Mentre negli anni '10 e '20 negli Stati Uniti si mette in scena «l'uomo effeminato, simbolo della debolezza, che paga per tutti diventando il capro espiatorio delle attività omoerotiche», a Berlino negli stessi anni nasce il primo movimento di Liberazione Gay e nel 1919 in Germania viene prodotto “Anders als die Anderen” (Diverso dagli altri) diretto da Richard Oswald e Magnus Hirschfeld: il primo film in cui l'omosessualità viene affrontata senza pregiudizi.
Tra la fine degli anni '20 e l'inizio dei '30 «l'arrivo del sonoro introdusse un nuovo elemento di realismo sullo schermo e i guardiani della morale pubblica cominciarono a far sentire il loro peso minaccioso sull'industria cinematografica». Le leggi di censura divennero a poco a poco sempre più invasive fino a che, nel 1930, con la creazione del Motion Picture Production Code (passato alla storia come codice Hays), l'industria cinematografica trova il modo di proteggersi dalla censura esterna dandosi un'autoregolamentazione.

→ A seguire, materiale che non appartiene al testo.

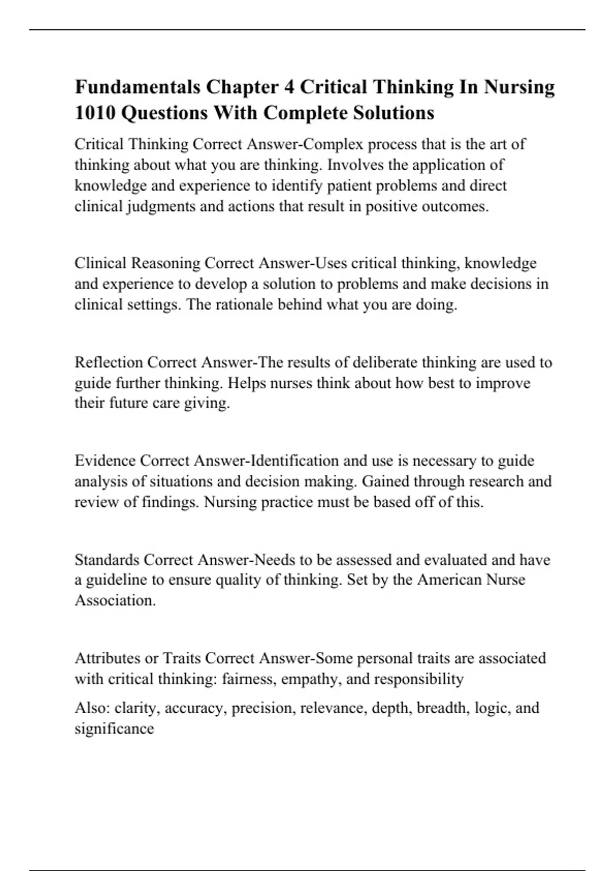 Fundamentals Chapter 4 Critical Thinking In Nursing 1010 Questions With Complete Solutions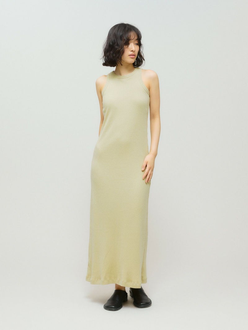 タイトなマキシ丈の女性らしい雰囲気を印象付けるパットリブワンピースです。パット付きで1枚で着用いただけます。シアーアイテムのインナーとしてもOK。裾にバックスリットが入っているので動きやすいデザインです。ヴィンテージ風のカラー展開とリブ使いの体に馴染みやすいのもポイント。涼し気な1枚で大人の魅力を演出した1枚です。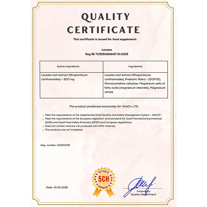 Leuzeia je skvélé řešení pro zvýšení fyzických a duševních výkonů každého, kdo si zakládá na přírodní a zdravé cestě. Její přínosy jsou uznávány po staletí v lidovém léčitelství, a to jak v Bulharsku, tak v různých oblastech asijských a zakavkazských zemí.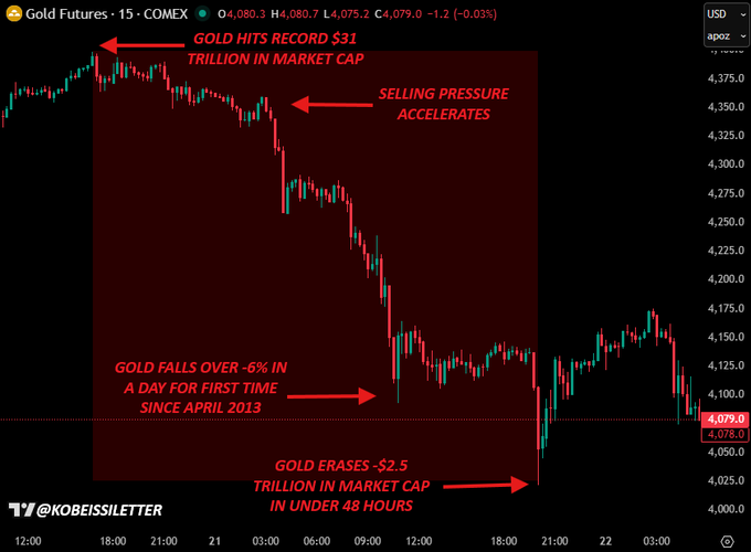 金と銀の市場価値は、わずか24時間強の取引で合計3兆ドル近く減少しました。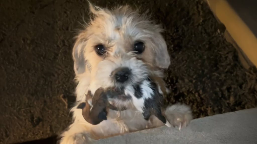 In a lonely stretch of countryside, far from busy roads and human comfort, a mother dog clung to hope under circumstances no living creature should have to endure. She was painfully thin, her ribs visible beneath her fur, and a frayed rope still hung from her neck, a cruel sign that she had once belonged to someone who chose to abandon her. Left to survive on her own, she faced hunger, exhaustion, and exposure, yet her focus never wavered. Everything she had left was poured into protecting the tiny lives that depended on her.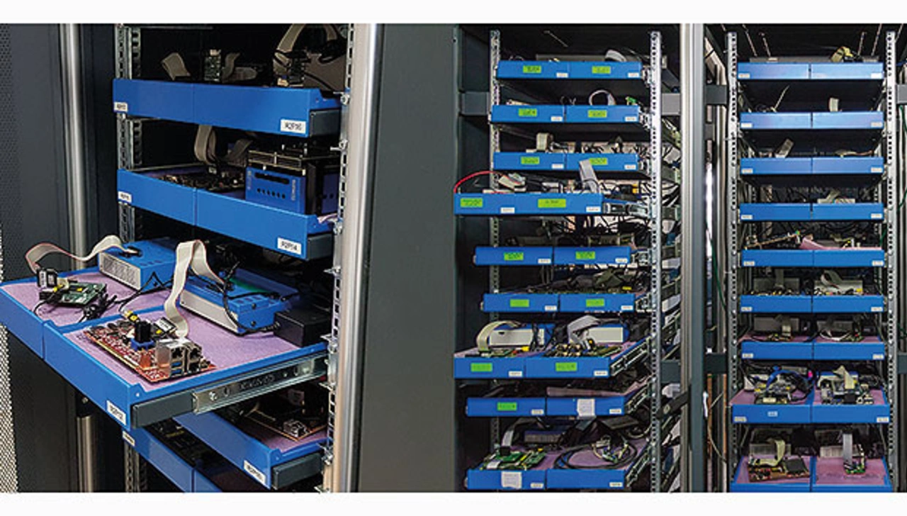 Für die unternehmenseigene Softwareentwicklung hat iSystem in seinen »iSystem Labs« Testracks mit mehr als 150 Einzeltestplätzen, verteilt auf Schubladen in mehreren Testschränken, eingerichtet (Bild 3). Diese bestehen jeweils aus dem Testframework mit der BlueBox und einem Embedded-Zielsystem. Alle Einschübe haben eine Stromversorgung und können dadurch einzeln und ferngesteuert runter- und wieder hochgefahren werden.

Durante gli anni '30, '40 e '50, una società ossessionata dal mantenimento dei ruoli sessuali codificati dà enorme potere all'attività censoria incidendo pesantemente sul lavoro di registi, autori e sceneggiatori. Vito Russo però segue il filo sottile - singole scene, sequenze, brandelli di dialoghi - che di film in film rivela la vitalità dello sguardo omosessuale, e rintraccia la presenza di un'«altra storia» all'interno della struttura narrativa del film: così attori come Greta Garbo in “La regina Cristina” (1933) di Rouben Mamoulian, Marlene Dietrich in “Marocco” (1930) di J. von Sternberg, Lauren Bacall in “Chimere” (1950) di Michael Curtiz, S. Boyd e C. Heston in “Ben-Hur” (1959) di W. Wyler, diventano vere e proprie icone per il mondo gay.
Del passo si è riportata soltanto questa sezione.